## EXERCISE OBJECTIVE
Return, from the data below, each line that contains the word "единогласно".

## SOURCE RECORDS

= = = = =

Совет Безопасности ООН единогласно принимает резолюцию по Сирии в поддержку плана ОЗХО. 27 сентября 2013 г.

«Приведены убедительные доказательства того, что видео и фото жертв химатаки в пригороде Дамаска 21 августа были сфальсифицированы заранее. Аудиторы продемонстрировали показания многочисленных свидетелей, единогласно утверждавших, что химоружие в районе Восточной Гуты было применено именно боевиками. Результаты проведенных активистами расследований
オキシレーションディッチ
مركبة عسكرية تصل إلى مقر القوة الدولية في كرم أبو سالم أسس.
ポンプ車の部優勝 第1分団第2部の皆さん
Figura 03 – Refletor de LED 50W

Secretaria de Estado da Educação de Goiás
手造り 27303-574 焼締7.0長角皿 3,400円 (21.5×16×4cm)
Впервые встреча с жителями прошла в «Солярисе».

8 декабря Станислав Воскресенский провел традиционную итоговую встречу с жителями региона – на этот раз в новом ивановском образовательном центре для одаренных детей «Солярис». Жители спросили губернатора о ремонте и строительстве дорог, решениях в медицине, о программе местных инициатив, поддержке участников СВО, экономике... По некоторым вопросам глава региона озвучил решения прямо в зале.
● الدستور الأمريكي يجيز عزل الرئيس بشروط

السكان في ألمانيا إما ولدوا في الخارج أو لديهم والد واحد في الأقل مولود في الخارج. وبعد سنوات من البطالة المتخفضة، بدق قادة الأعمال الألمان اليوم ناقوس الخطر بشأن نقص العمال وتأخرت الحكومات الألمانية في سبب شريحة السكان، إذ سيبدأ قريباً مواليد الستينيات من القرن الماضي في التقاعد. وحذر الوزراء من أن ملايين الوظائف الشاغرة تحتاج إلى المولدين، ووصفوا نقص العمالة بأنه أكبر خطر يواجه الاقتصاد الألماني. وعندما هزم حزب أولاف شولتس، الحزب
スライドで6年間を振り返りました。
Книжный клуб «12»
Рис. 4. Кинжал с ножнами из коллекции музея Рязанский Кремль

= = = = =

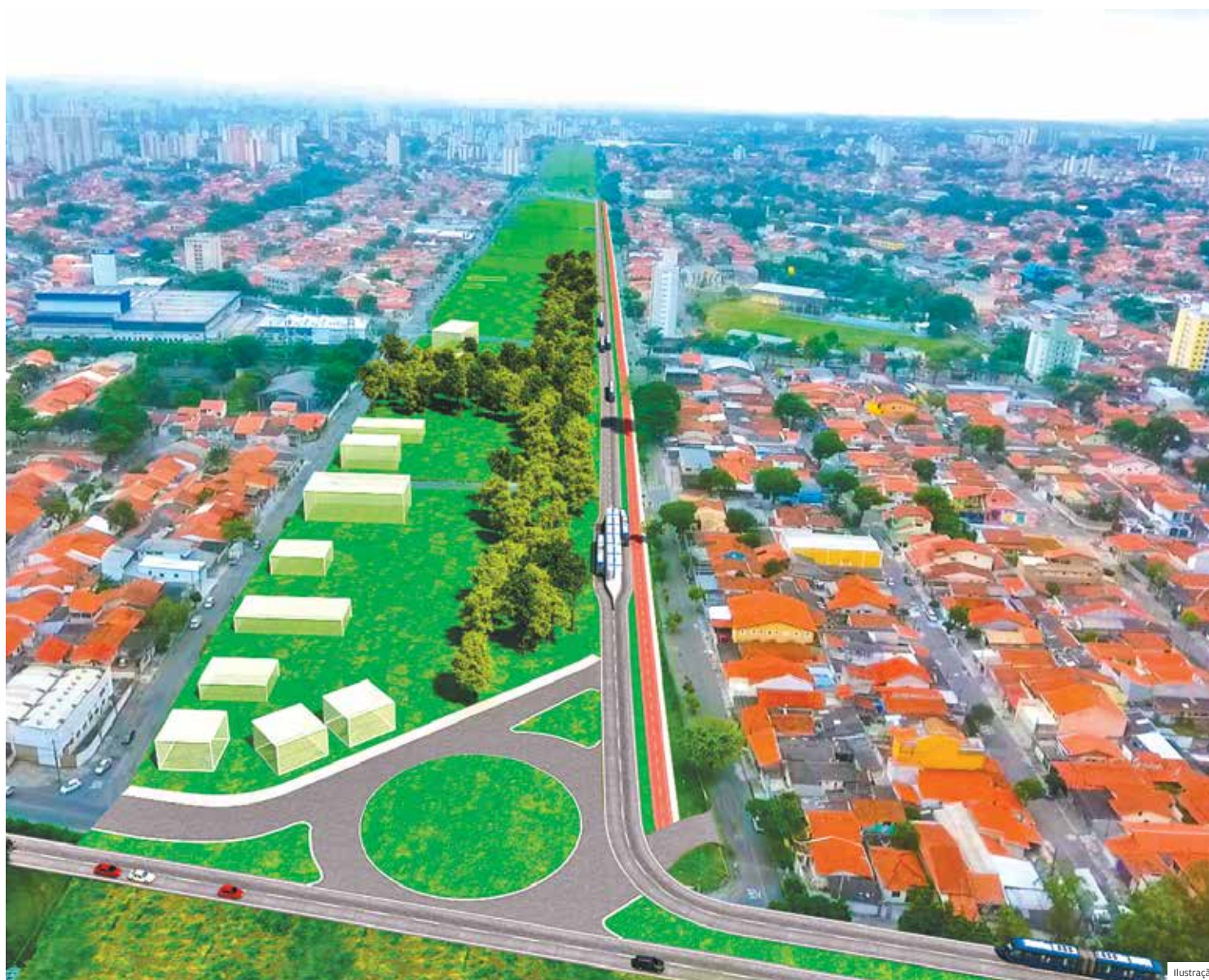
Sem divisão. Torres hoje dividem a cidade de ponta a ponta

= = = = =

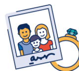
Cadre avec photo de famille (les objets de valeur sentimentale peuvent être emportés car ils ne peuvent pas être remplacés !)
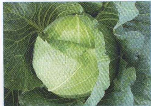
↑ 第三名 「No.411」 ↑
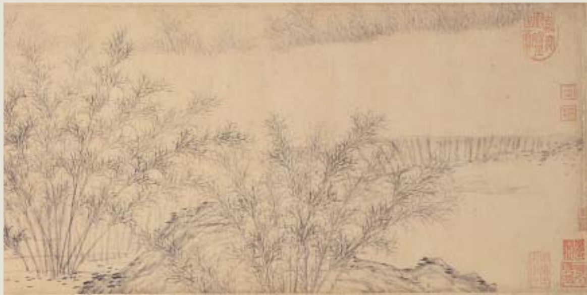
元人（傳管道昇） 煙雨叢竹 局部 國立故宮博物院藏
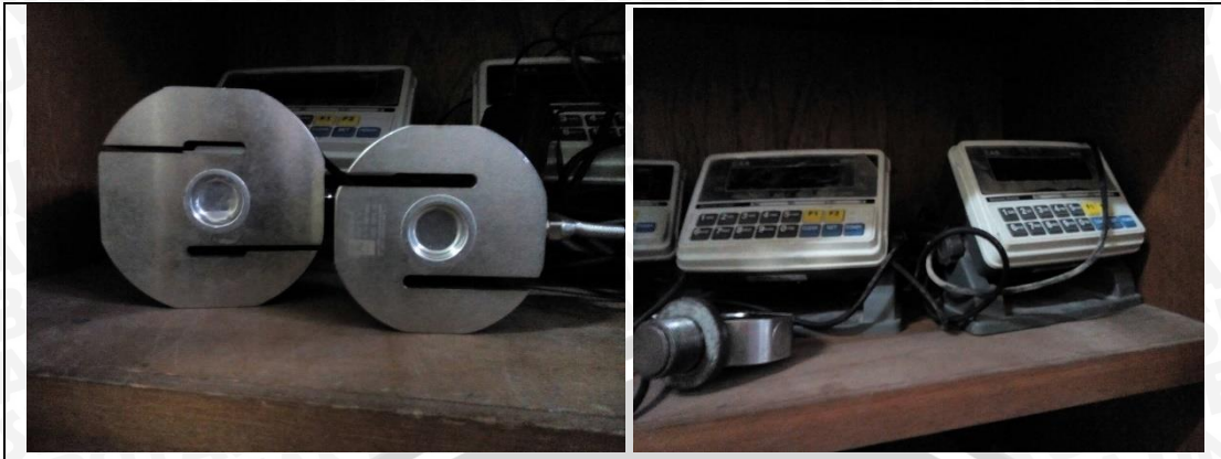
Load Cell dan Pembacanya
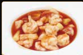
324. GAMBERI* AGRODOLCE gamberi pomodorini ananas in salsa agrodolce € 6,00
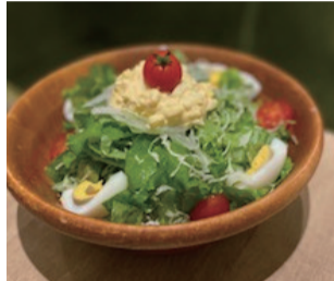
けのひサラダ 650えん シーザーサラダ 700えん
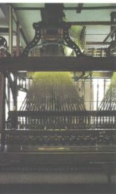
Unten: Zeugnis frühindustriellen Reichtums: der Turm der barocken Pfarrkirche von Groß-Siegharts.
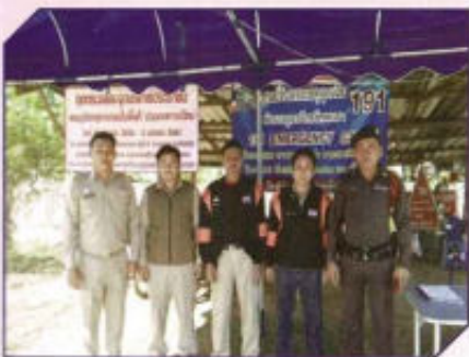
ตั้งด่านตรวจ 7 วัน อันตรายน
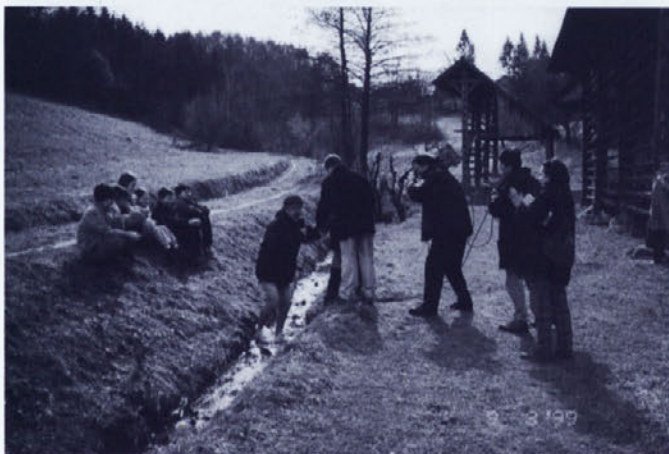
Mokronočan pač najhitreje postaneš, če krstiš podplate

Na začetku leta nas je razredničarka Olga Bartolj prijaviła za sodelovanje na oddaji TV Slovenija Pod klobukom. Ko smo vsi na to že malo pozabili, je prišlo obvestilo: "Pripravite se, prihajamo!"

= = = = =

## ANSWER TO THE PROBLEM
Совет Безопасности ООН единогласно принимает резолюцию по Сирии в поддержку плана ОЗХО. 27 сентября 2013 г.
«Приведены убедительные доказательства того, что видео и фото жертв химатаки в пригороде Дамаска 21 августа были сфальсифицированы заранее. Аудиторы продемонстрировали показания многочисленных свидетелей, единогласно утверждавших, что химоружие в районе Восточной Гуты было применено именно боевиками. Результаты проведенных активистами расследований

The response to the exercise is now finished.